*** Block opens ***

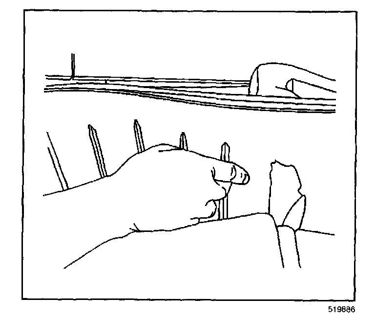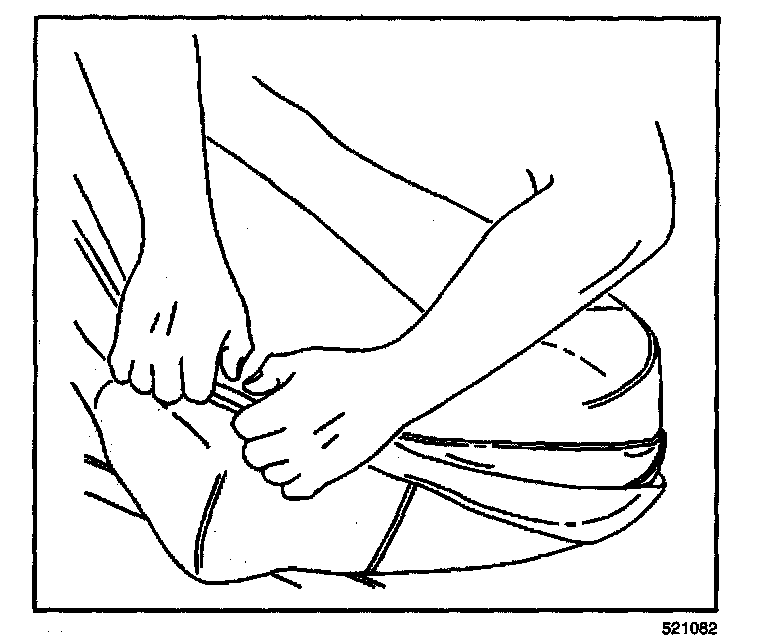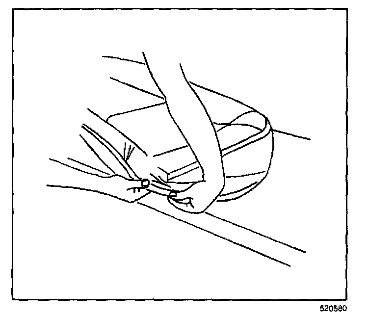 5. Use firm hand pressure in order to fasten the hook and the loop retainers, securing the rear seat back cover to the pad.
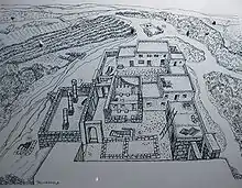 Au sommet de la colline se trouve un grand complexe de bâtiments comprenant un mikvé, un bâtiment à usage public (une synagogue ?) et une grotte refuge dont une des entrées se situe à l'angle du grand bâtiment public et du quartier d'habitation. En plus du pressoir qui témoigne de la production de vin, d'autres vestiges indiquent une production d'huile d'olive et de figues. Des fuseaux indiquent une activité de filage textile.
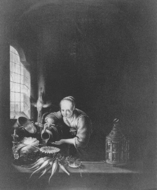 - NOTIZIE STORICO CRITICHE L'opera, dalla scheda del catalogo Electa (1996), risulta attribuita a Gabriel Metsu, ma non viene specificato a chi risalga tale riferimento. Viene anche indicato che potrebbe trattarsi di una copia da un modello che però non è stato individuato o di una libera interpretazione nello stile dei soggetti della tradizione derivante dalle formule di Gerard Dou. Viene anche segnalato che nel dipinto compaiono molti elementi figurativi presenti nelle composizioni di Van Mieris il Vecchio
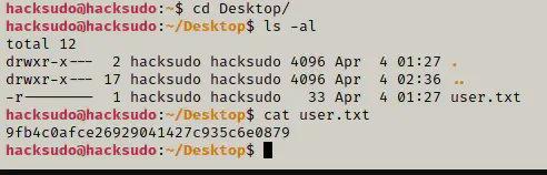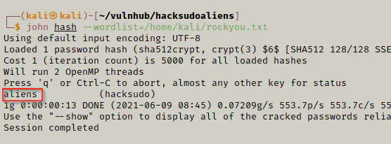 Finally, we got the hash of the user hacksudo. So, I copied the hash and pasted it in a file named “hash” in my local machine. Then, I used john the ripper and rockyou.txt to crack the password.
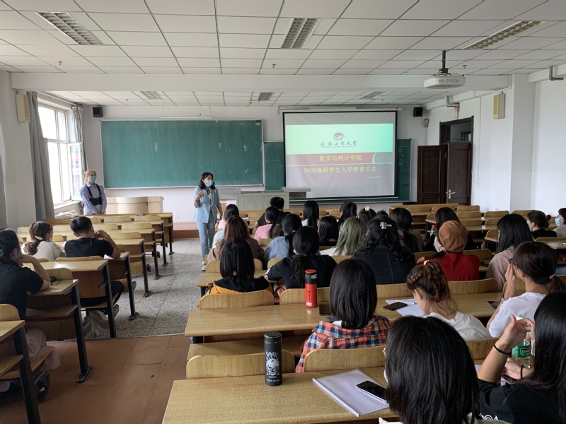 随后,应用数学系主任刘铭、统计系副主任杨凯分别对数学、统计学两个学科的培养、就业、学科进行了具体介绍,详细讲解专业学习、科研工作中需要注意的环节,尤其强调了要注重学术道德、强化学术规范、塑造健全人格。研究生教学秘书关迪就在校读研期间的课程学习、学位论文工作向研究生同学做了相应的说明。
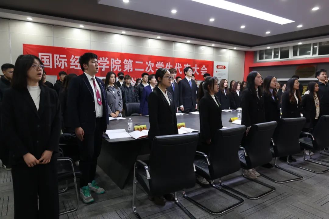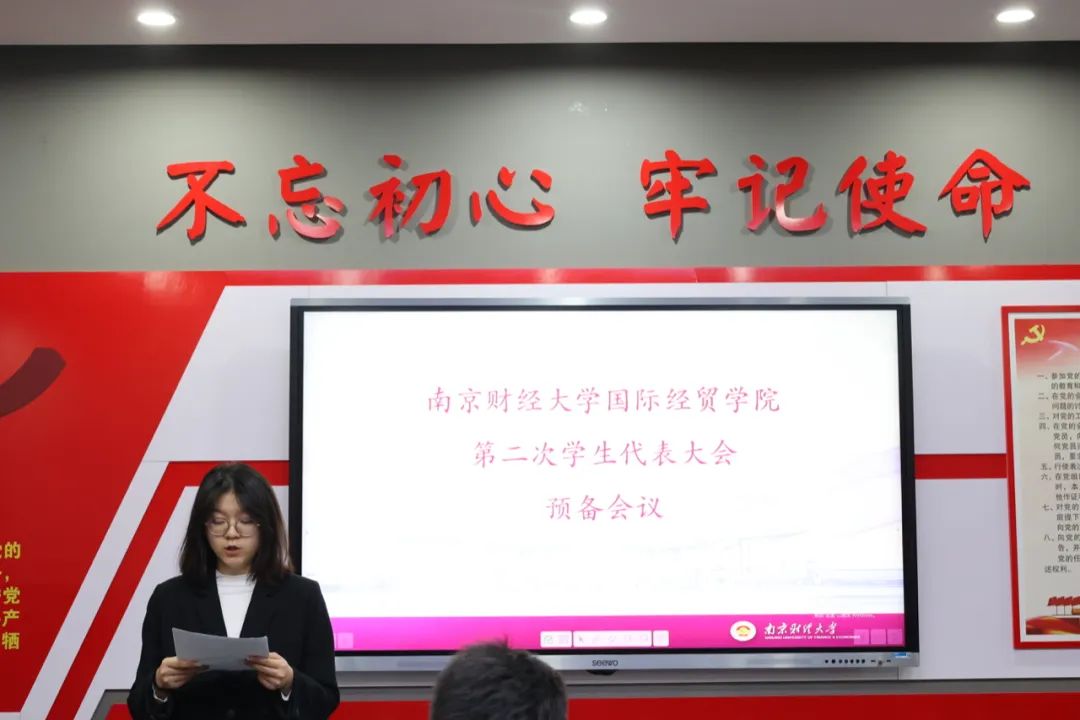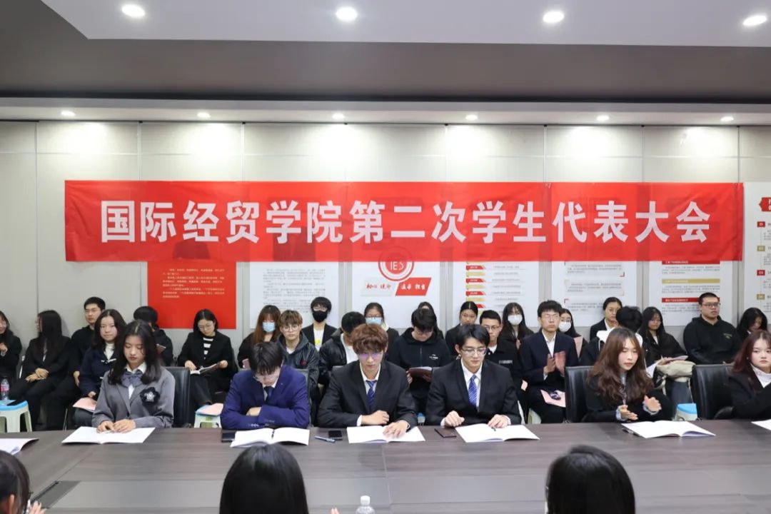 分团委书记邓盛佳老师、兄弟学院主席代表出席,国际经济与贸易、贸易经济、电子商务三个专业各年级共52名代表参加了此次会议,会议由学生会主席丁莹主持。
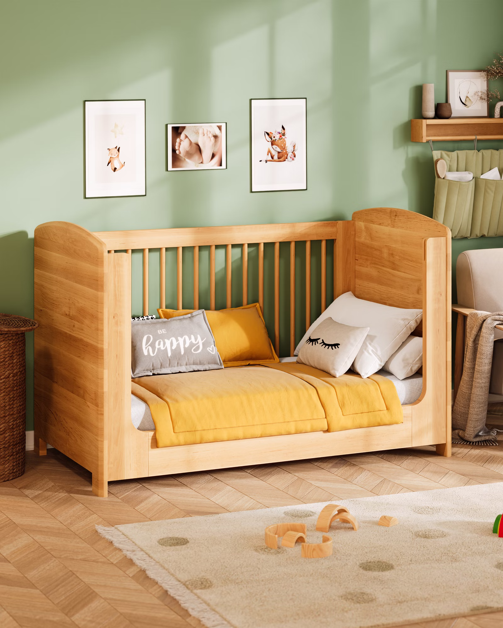 Unser Marlon Babybett ist etwas ganz besonderes. Es ist völlig metallfrei, was für einen ungestörten Schlaf sorgt und besonders schonend für den Organismus ist. Die acht robusten Massivholz Teile des Babybetts lassen sich in kurzer Zeit und ganz ohne Werkzeug zusammenbauen. Die Seitenteile sind leicht ab- und wieder anmontiert. Das macht das Babybett besonders variabel.
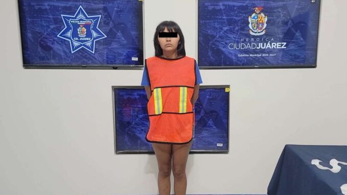 Ciudad Juárez.- Agentes de la Secretaría de Seguridad Pública Municipal adscritos al Distrito Poniente, capturaron a Amy Janine R. originaria de El Paso Texas y a su cómplice un adolescente, por su probable responsabilidad en la comisión del delito de robo con violencia y por delitos contra la ley federal de armas de fuego y explosivos.
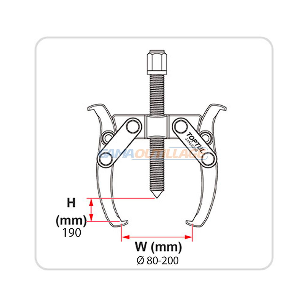 ARRACHE ROULEMENT 2 BRAS 2*200MM TOPTUL, un outil essentiel pour retirer des pièces telles que les engrenages, les roulements et les poulies des arbres et des moyeux. Il fonctionne en appliquant une force de traction ciblée sur la pièce à retirer, la délogeant de son logement.
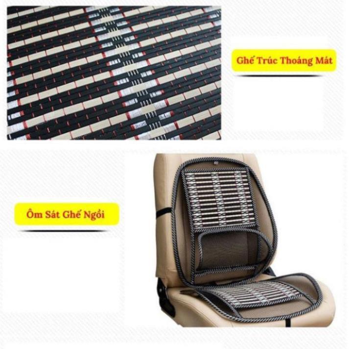 Bộ Lót Ghế Tựa Lưng Ô Tô Lưới Trúc Massage Lưng Chống Mỏi, Chống Nóng Hiệu Quả

*** Block closes ***

• **YOUR INSTRUCTIONS**: From the data above, return only the lines starting at the line that holds "随后,应用数学系主任刘铭、统" and ending at the line that holds "ARRACHE ROULEMENT 2", word for word and without pictures.

• **RESPONSE**:
 随后,应用数学系主任刘铭、统计系副主任杨凯分别对数学、统计学两个学科的培养、就业、学科进行了具体介绍,详细讲解专业学习、科研工作中需要注意的环节,尤其强调了要注重学术道德、强化学术规范、塑造健全人格。研究生教学秘书关迪就在校读研期间的课程学习、学位论文工作向研究生同学做了相应的说明。
 分团委书记邓盛佳老师、兄弟学院主席代表出席,国际经济与贸易、贸易经济、电子商务三个专业各年级共52名代表参加了此次会议,会议由学生会主席丁莹主持。
 Unser Marlon Babybett ist etwas ganz besonderes. Es ist völlig metallfrei, was für einen ungestörten Schlaf sorgt und besonders schonend für den Organismus ist. Die acht robusten Massivholz Teile des Babybetts lassen sich in kurzer Zeit und ganz ohne Werkzeug zusammenbauen. Die Seitenteile sind leicht ab- und wieder anmontiert. Das macht das Babybett besonders variabel.
 Ciudad Juárez.- Agentes de la Secretaría de Seguridad Pública Municipal adscritos al Distrito Poniente, capturaron a Amy Janine R. originaria de El Paso Texas y a su cómplice un adolescente, por su probable responsabilidad en la comisión del delito de robo con violencia y por delitos contra la ley federal de armas de fuego y explosivos.
 ARRACHE ROULEMENT 2 BRAS 2*200MM TOPTUL, un outil essentiel pour retirer des pièces telles que les engrenages, les roulements et les poulies des arbres et des moyeux. Il fonctionne en appliquant une force de traction ciblée sur la pièce à retirer, la délogeant de son logement.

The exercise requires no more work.